● Problem
For this exercise, copy exactly the lines below from the one with "Budova má jedno" through the one with "XX市政务服务和数据管理局党组书记2025年抓基层党建工作述职报告" and leave out the pictures.

◇ ◇ ◇

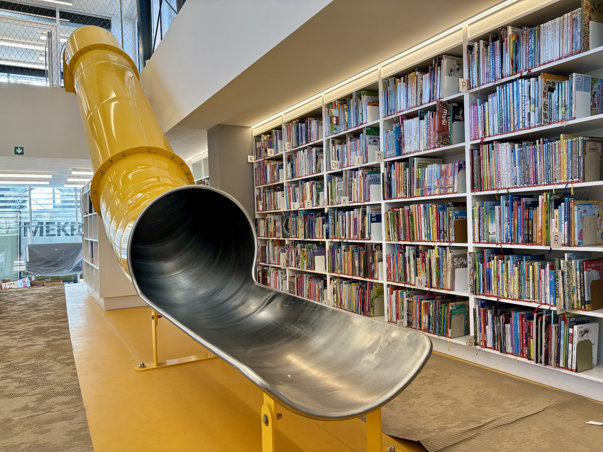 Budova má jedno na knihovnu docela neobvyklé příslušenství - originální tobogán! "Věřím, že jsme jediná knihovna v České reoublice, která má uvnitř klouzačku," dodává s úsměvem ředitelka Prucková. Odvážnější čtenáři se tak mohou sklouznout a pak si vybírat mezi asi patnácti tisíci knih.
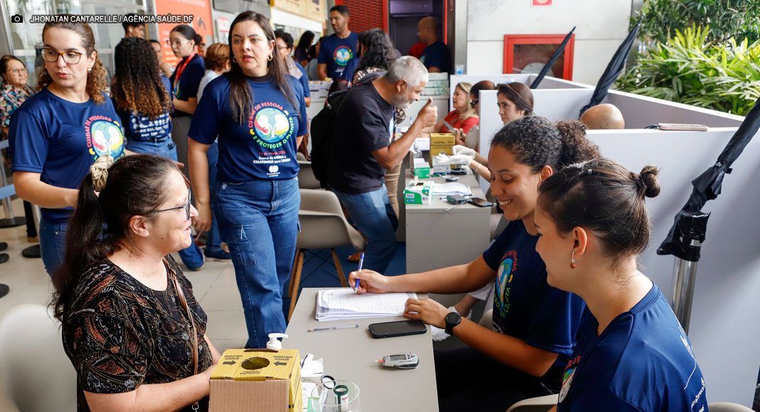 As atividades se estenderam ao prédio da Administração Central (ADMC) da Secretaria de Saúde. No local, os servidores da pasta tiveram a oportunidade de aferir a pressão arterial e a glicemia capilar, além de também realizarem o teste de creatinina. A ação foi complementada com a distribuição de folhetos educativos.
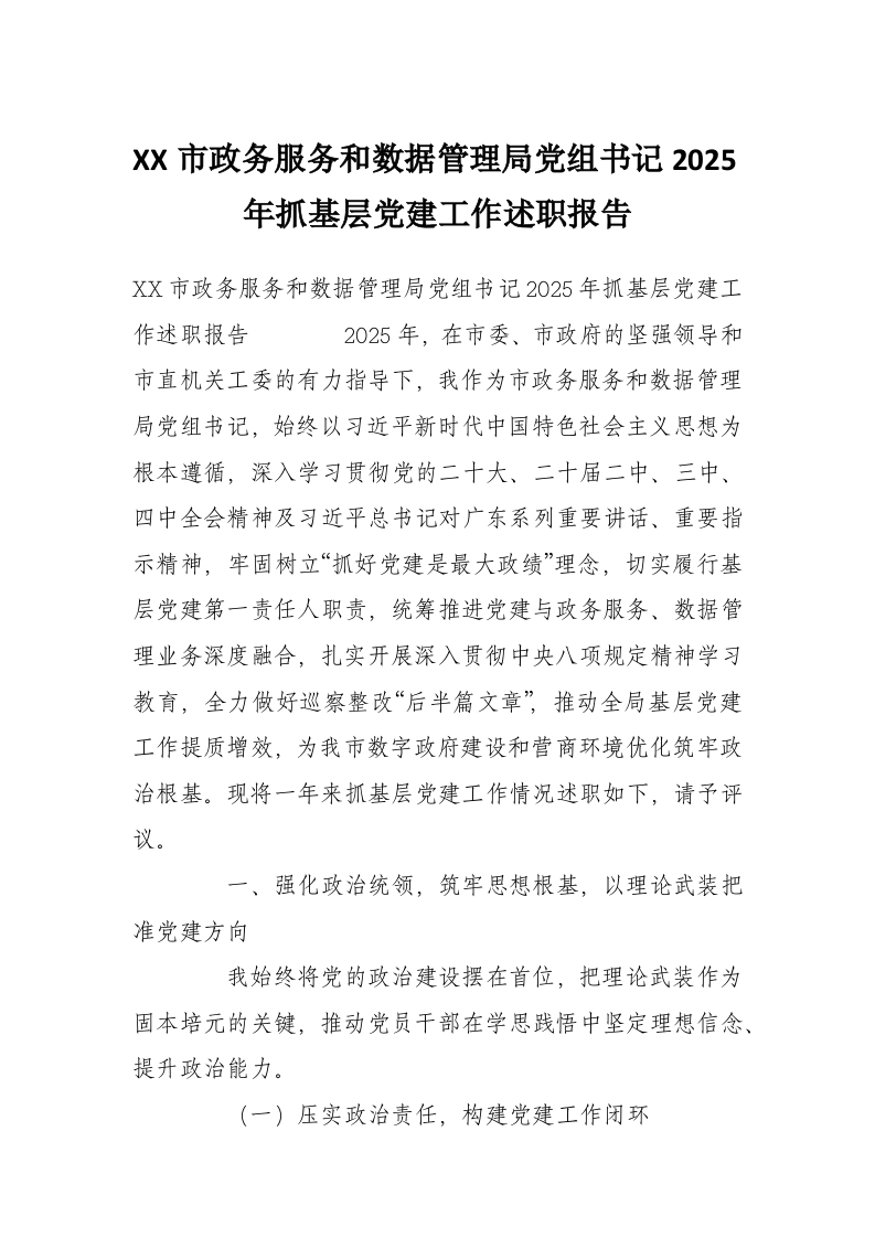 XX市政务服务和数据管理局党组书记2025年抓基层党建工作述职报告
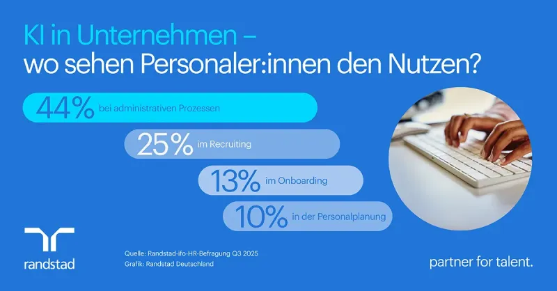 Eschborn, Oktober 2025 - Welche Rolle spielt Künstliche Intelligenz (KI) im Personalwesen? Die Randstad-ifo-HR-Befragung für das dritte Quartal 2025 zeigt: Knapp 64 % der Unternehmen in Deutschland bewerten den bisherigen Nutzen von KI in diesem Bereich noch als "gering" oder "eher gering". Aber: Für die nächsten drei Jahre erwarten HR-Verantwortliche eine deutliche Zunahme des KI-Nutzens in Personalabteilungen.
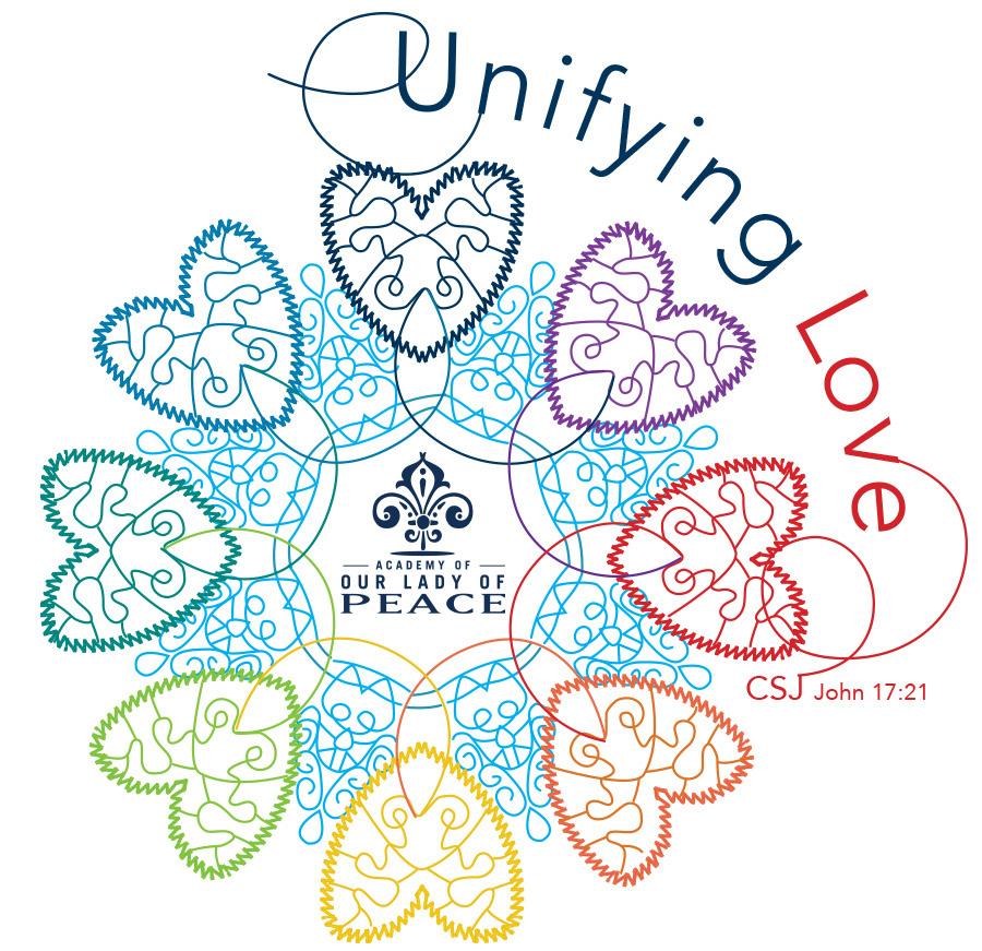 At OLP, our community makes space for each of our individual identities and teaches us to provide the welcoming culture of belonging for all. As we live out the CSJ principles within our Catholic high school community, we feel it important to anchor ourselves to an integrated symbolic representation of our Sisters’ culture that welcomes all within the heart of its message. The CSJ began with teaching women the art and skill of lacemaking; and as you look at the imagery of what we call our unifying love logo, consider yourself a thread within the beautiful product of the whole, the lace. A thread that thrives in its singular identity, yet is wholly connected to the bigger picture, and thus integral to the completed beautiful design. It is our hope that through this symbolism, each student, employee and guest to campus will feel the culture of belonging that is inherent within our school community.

◇ ◇ ◇

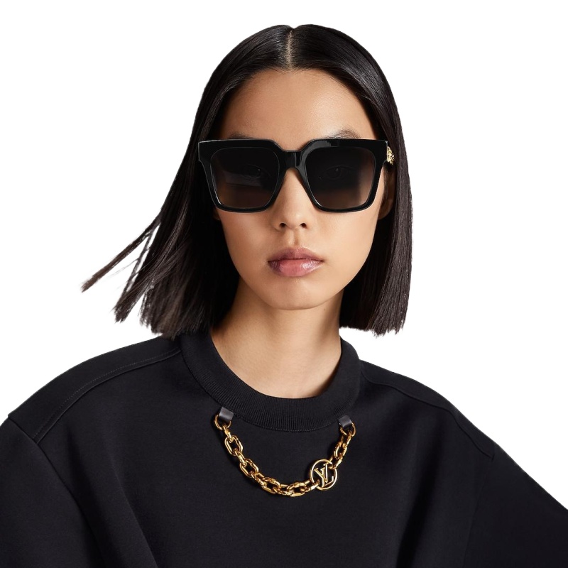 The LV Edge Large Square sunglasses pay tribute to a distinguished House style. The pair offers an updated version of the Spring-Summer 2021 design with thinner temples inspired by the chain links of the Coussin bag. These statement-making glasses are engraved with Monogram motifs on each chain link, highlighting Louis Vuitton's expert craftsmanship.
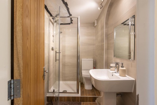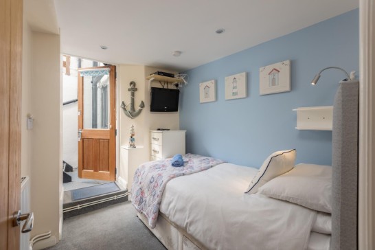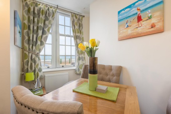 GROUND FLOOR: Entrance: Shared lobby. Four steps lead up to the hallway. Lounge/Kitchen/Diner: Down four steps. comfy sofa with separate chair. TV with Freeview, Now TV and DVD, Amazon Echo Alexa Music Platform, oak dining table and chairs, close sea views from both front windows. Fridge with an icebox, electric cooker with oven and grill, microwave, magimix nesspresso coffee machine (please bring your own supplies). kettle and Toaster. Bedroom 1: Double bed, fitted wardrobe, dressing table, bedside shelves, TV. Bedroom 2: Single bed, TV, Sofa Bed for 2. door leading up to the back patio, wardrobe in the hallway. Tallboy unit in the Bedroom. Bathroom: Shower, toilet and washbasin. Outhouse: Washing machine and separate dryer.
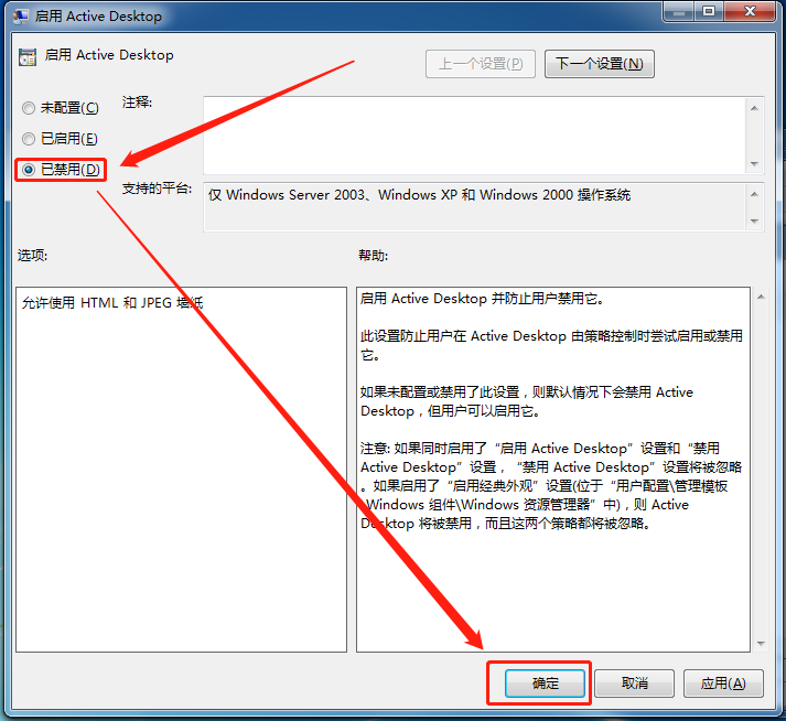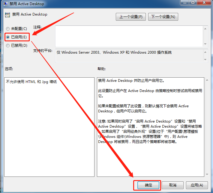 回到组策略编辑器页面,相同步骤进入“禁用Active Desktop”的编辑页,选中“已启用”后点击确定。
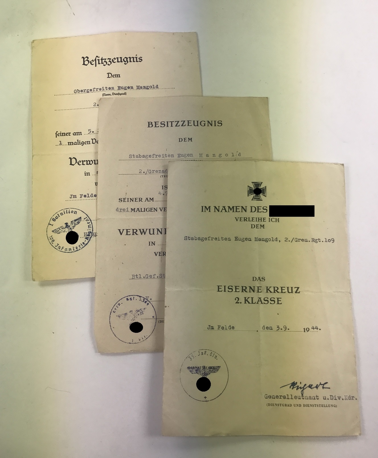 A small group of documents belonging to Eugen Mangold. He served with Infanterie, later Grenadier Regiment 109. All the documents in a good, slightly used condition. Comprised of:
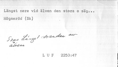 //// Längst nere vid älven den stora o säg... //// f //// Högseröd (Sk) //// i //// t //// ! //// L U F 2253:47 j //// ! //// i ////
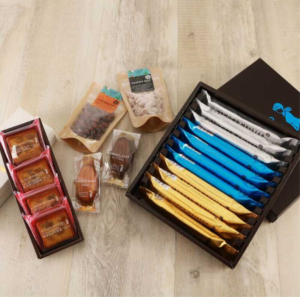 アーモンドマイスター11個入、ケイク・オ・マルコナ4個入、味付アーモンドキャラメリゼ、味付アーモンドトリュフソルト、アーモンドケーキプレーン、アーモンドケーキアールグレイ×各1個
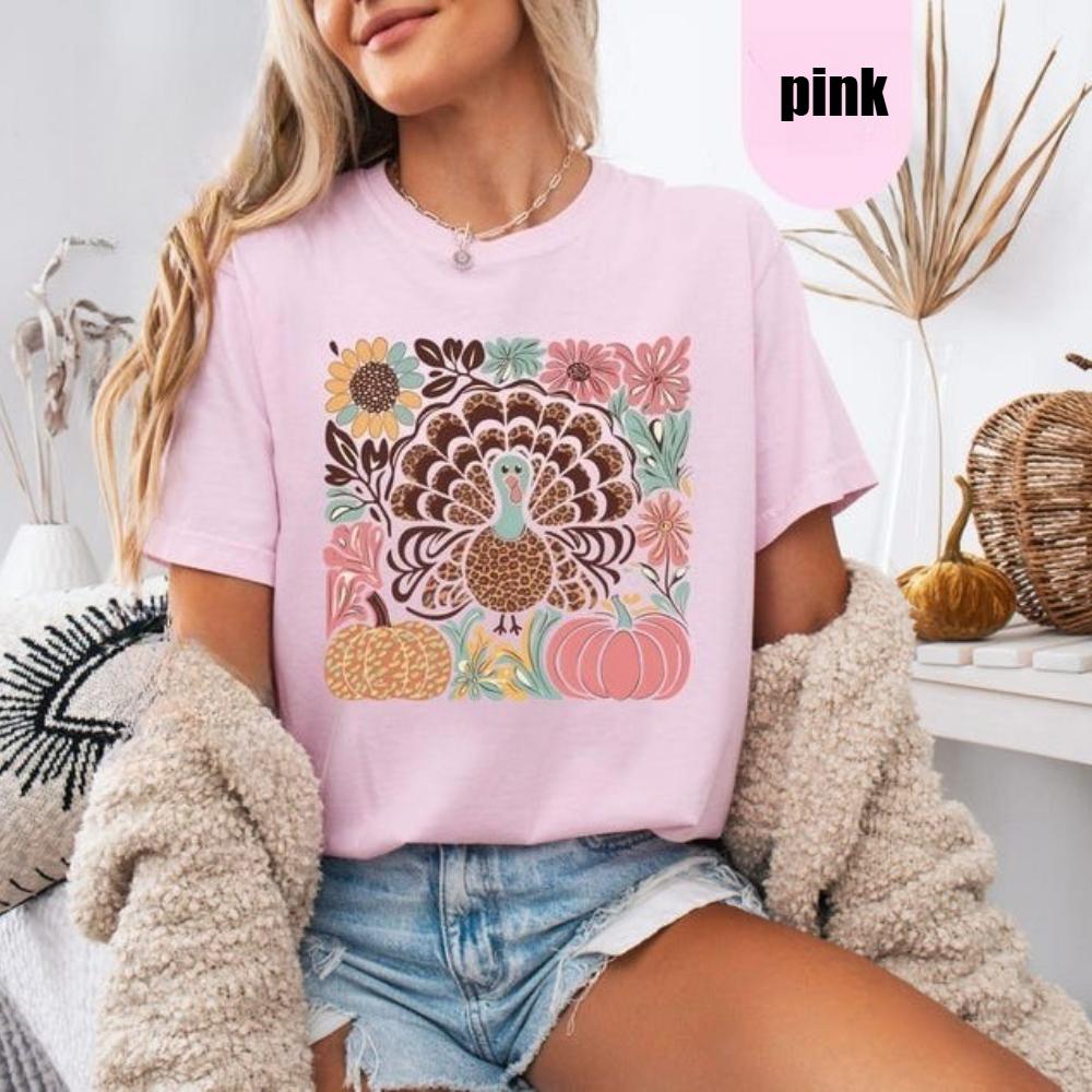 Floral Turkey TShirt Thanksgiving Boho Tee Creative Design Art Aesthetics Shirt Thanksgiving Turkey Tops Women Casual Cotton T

◇ ◇ ◇

● Exercise response
 Budova má jedno na knihovnu docela neobvyklé příslušenství - originální tobogán! "Věřím, že jsme jediná knihovna v České reoublice, která má uvnitř klouzačku," dodává s úsměvem ředitelka Prucková. Odvážnější čtenáři se tak mohou sklouznout a pak si vybírat mezi asi patnácti tisíci knih.
 As atividades se estenderam ao prédio da Administração Central (ADMC) da Secretaria de Saúde. No local, os servidores da pasta tiveram a oportunidade de aferir a pressão arterial e a glicemia capilar, além de também realizarem o teste de creatinina. A ação foi complementada com a distribuição de folhetos educativos.
 XX市政务服务和数据管理局党组书记2025年抓基层党建工作述职报告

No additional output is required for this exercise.